Also we can reduce this by changing the cross over point for needle
size, but at some loss of overall performance for legitimate cases.

This gets back to my request for an objective standard. No one knows.
  
Joseph Myers July 22, 2015, 7:33 p.m. UTC | #10
On Wed, 22 Jul 2015, Carlos O'Donell wrote:

> > If there's a quadratic worst case newly introduced for 2.22, I'd consider 
> > that a security hole (denial of service) that needs to block the release 
> > of 2.22 until it's fixed (possibly by removing the implementation in 
> > question).
> 
> Joseph,
> 
> We have had quadratic worse case in our string routines for years without
> it blocking a release. I agree that it is not the best case for a release

And I believe we established a consensus, when removing the SSE4 
implementation (bug 12100), that such implementations are not suitable for 
inclusion in glibc.

> to have such behaviour, but should it block this release?

As a denial-of-service regression (for any code that may use strstr on 
untrusted inputs), yes.
  
Joseph Myers July 22, 2015, 7:41 p.m.

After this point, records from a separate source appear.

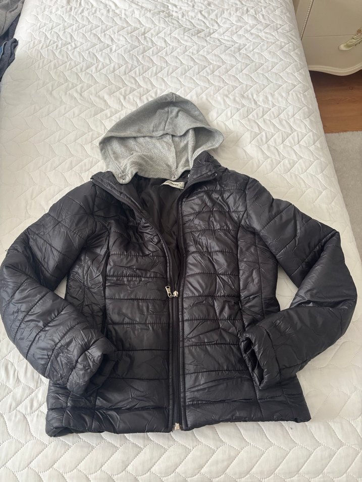 Gri renkte, kapüşonlu ve fermuarlı, uzun kollu, normal midi boyda, rahat kesim kadın ceketi rengi tam siyahtır ışıktan dolayı açık renk gibi görünüyor sadece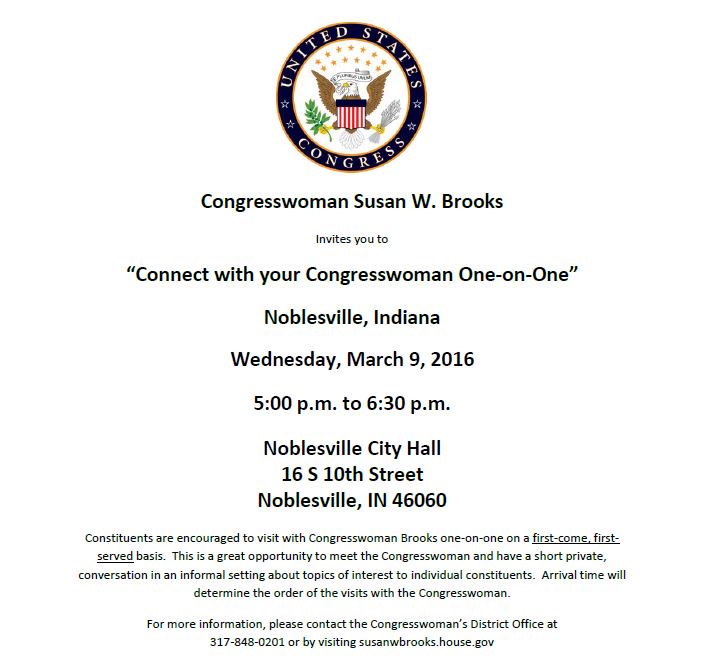 Next week I'll be in @NoblesvilleIN to connect with you! Come visit me at City Hall from 5-6:30 on 3/9. #IN05pic.twitter.com/PRfISy5cjD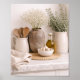 This neutral farmhouse wall art features a timeless kitchen still life with rustic ceramic pitchers, wooden spoons, fresh garlic, olive oil, and soft eucalyptus greenery. Designed in warm beige and cream tones, this artwork brings a calm, lived-in charm that complements farmhouse, cottage core, and modern rustic décor.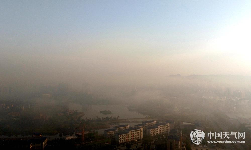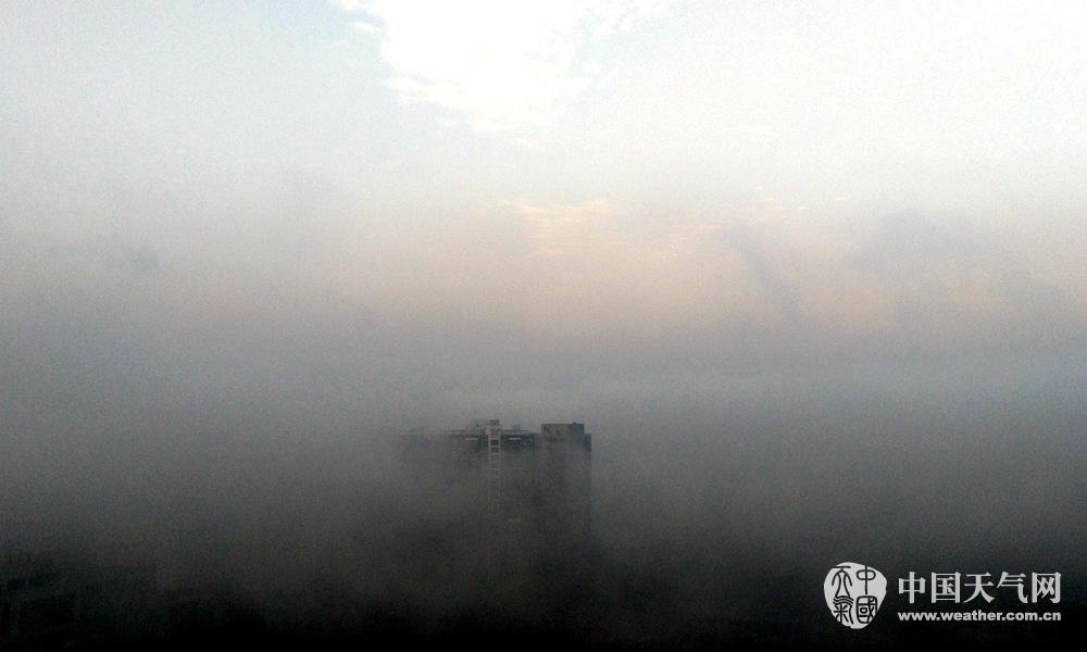 雾气在楼宇间缭绕(摄影:孙小龙)

UTC | #11
On Wed, 22 Jul 2015, Tulio Magno Quites Machado Filho wrote:

> >> If there's a quadratic worst case newly introduced for 2.22, I'd consider 
> >> that a security hole (denial of service) that needs to block the release 
> >> of 2.22 until it's fixed (possibly by removing the implementation in 
> >> question).
> 
> Could you elaborate why a quadratic worst case in a string function can be
> considered a denial of service, please?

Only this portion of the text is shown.